→ **DATA**:
++++++

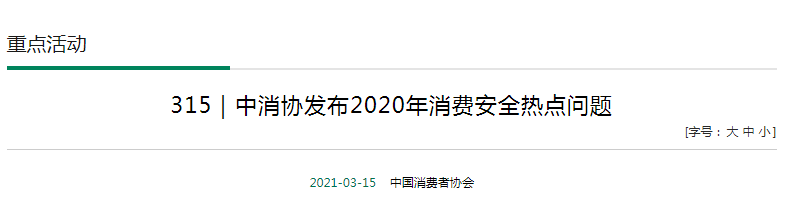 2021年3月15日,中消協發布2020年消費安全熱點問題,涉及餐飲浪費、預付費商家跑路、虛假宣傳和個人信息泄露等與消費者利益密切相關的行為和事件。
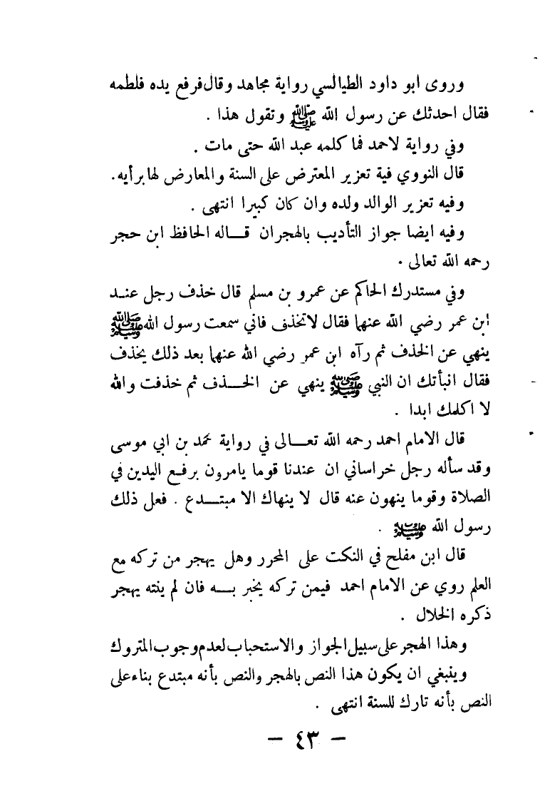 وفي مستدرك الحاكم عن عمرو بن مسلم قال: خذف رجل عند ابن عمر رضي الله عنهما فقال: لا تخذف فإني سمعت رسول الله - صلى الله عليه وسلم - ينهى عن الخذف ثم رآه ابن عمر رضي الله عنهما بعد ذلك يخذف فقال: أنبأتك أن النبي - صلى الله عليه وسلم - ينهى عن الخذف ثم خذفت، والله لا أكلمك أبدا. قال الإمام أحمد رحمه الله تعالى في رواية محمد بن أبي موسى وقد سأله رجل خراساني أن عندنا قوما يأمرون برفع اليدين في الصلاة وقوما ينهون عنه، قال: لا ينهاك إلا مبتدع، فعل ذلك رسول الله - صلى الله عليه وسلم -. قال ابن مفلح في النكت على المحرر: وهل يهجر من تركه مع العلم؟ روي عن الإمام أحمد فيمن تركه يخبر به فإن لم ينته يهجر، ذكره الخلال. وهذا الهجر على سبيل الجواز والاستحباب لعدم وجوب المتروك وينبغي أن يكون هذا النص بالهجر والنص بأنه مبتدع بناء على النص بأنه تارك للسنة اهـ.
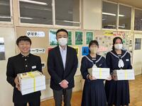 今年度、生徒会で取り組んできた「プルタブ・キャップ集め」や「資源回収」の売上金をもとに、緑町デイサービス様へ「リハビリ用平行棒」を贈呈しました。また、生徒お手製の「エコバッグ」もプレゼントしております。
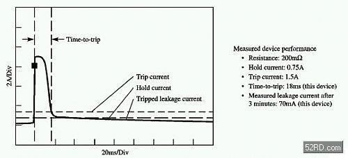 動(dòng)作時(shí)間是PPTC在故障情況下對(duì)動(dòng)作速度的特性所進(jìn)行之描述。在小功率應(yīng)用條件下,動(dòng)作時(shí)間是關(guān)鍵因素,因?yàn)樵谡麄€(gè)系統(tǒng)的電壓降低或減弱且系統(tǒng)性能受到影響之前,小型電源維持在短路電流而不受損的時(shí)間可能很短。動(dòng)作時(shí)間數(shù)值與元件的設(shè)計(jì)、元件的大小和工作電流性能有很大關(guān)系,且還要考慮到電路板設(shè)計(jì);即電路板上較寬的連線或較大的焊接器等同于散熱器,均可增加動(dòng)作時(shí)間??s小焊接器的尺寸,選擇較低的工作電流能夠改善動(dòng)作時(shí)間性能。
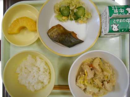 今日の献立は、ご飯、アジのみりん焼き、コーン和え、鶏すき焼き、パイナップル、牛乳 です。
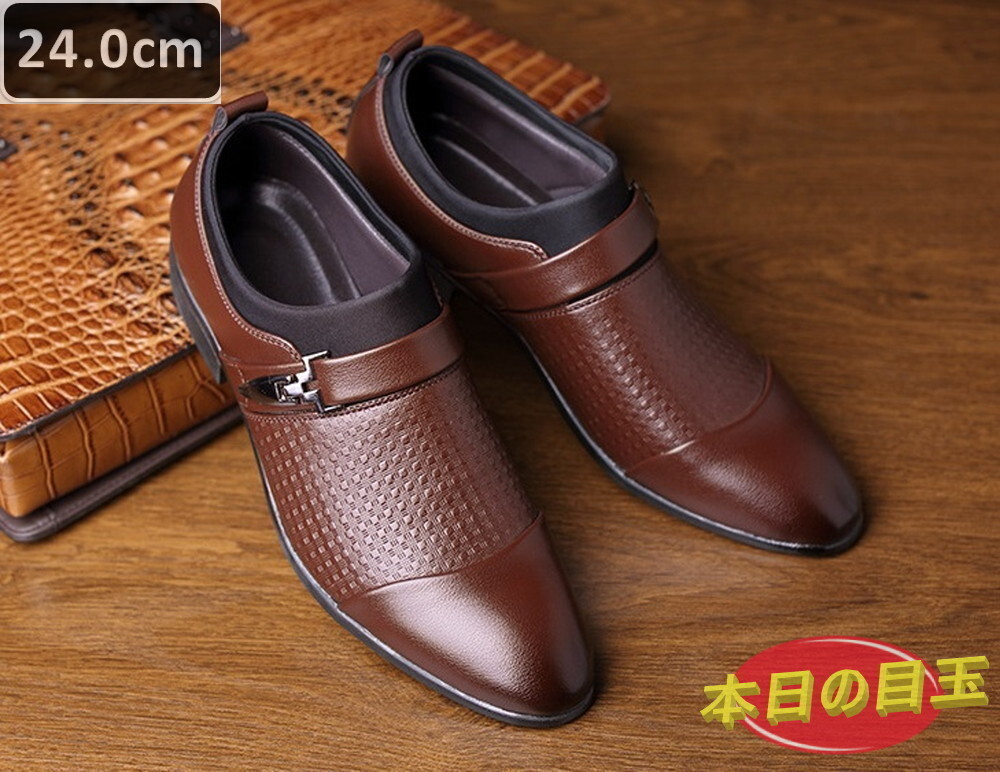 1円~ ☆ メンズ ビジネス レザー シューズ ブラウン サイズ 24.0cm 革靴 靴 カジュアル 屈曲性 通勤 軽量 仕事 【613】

++++++

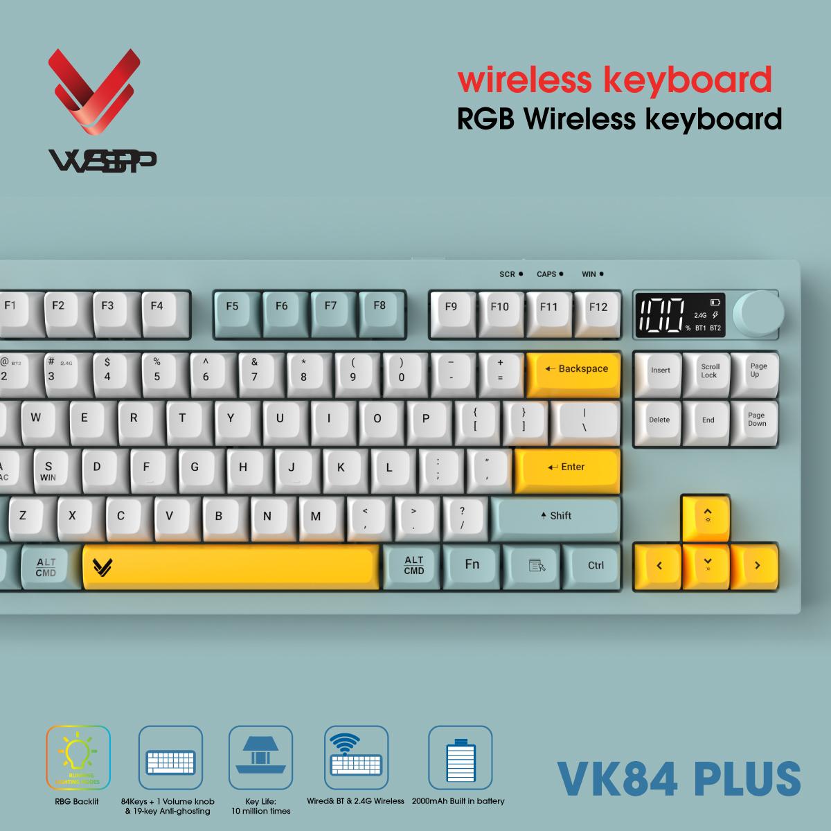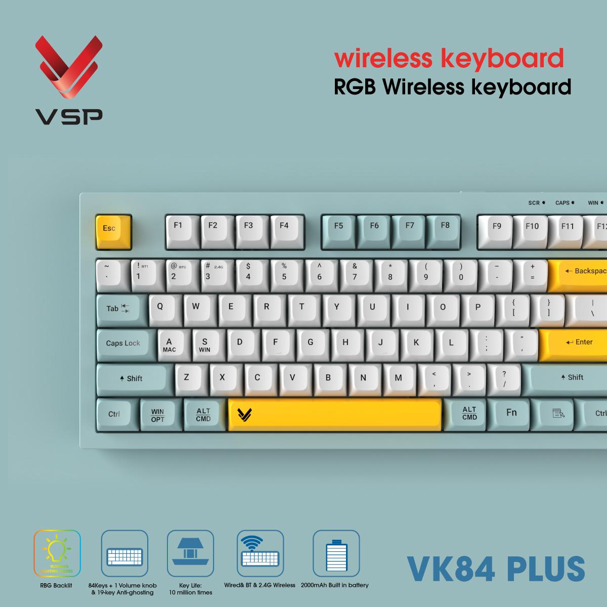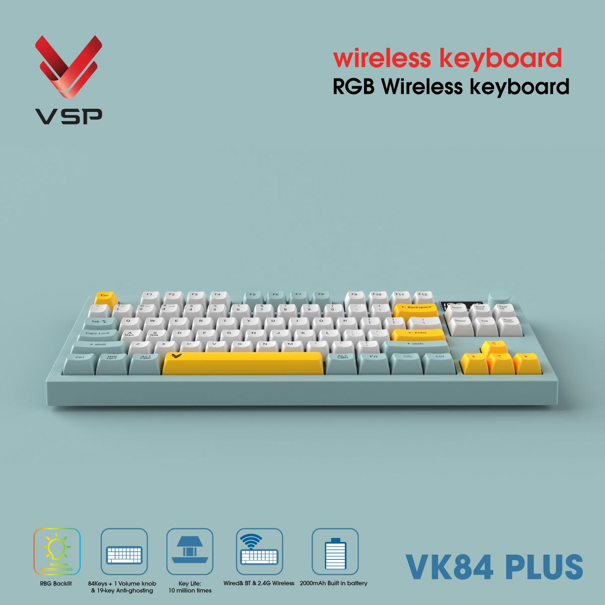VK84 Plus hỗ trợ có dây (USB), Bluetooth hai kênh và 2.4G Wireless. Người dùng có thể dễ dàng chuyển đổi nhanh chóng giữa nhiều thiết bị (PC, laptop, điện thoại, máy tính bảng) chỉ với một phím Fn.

++++++

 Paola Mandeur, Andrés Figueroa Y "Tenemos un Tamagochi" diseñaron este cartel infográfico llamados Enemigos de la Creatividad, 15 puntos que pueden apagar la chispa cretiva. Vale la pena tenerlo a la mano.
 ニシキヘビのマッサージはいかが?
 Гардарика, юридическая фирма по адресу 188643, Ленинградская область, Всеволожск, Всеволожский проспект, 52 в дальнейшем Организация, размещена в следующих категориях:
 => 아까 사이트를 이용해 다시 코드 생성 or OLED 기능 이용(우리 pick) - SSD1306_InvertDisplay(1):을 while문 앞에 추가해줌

++++++

→ **TASK DETAILS**: Look above for the line with "今年度、生徒会で取り組んでき" and the line with "1円~ ☆ メンズ ビジネス", then copy them and all lines in between exactly as written, and only those, without any pictures.

→ **SOLUTION TO THIS EXERCISE**:
 今年度、生徒会で取り組んできた「プルタブ・キャップ集め」や「資源回収」の売上金をもとに、緑町デイサービス様へ「リハビリ用平行棒」を贈呈しました。また、生徒お手製の「エコバッグ」もプレゼントしております。
 動(dòng)作時(shí)間是PPTC在故障情況下對(duì)動(dòng)作速度的特性所進(jìn)行之描述。在小功率應(yīng)用條件下,動(dòng)作時(shí)間是關(guān)鍵因素,因?yàn)樵谡麄€(gè)系統(tǒng)的電壓降低或減弱且系統(tǒng)性能受到影響之前,小型電源維持在短路電流而不受損的時(shí)間可能很短。動(dòng)作時(shí)間數(shù)值與元件的設(shè)計(jì)、元件的大小和工作電流性能有很大關(guān)系,且還要考慮到電路板設(shè)計(jì);即電路板上較寬的連線或較大的焊接器等同于散熱器,均可增加動(dòng)作時(shí)間??s小焊接器的尺寸,選擇較低的工作電流能夠改善動(dòng)作時(shí)間性能。
 今日の献立は、ご飯、アジのみりん焼き、コーン和え、鶏すき焼き、パイナップル、牛乳 です。
 1円~ ☆ メンズ ビジネス レザー シューズ ブラウン サイズ 24.0cm 革靴 靴 カジュアル 屈曲性 通勤 軽量 仕事 【613】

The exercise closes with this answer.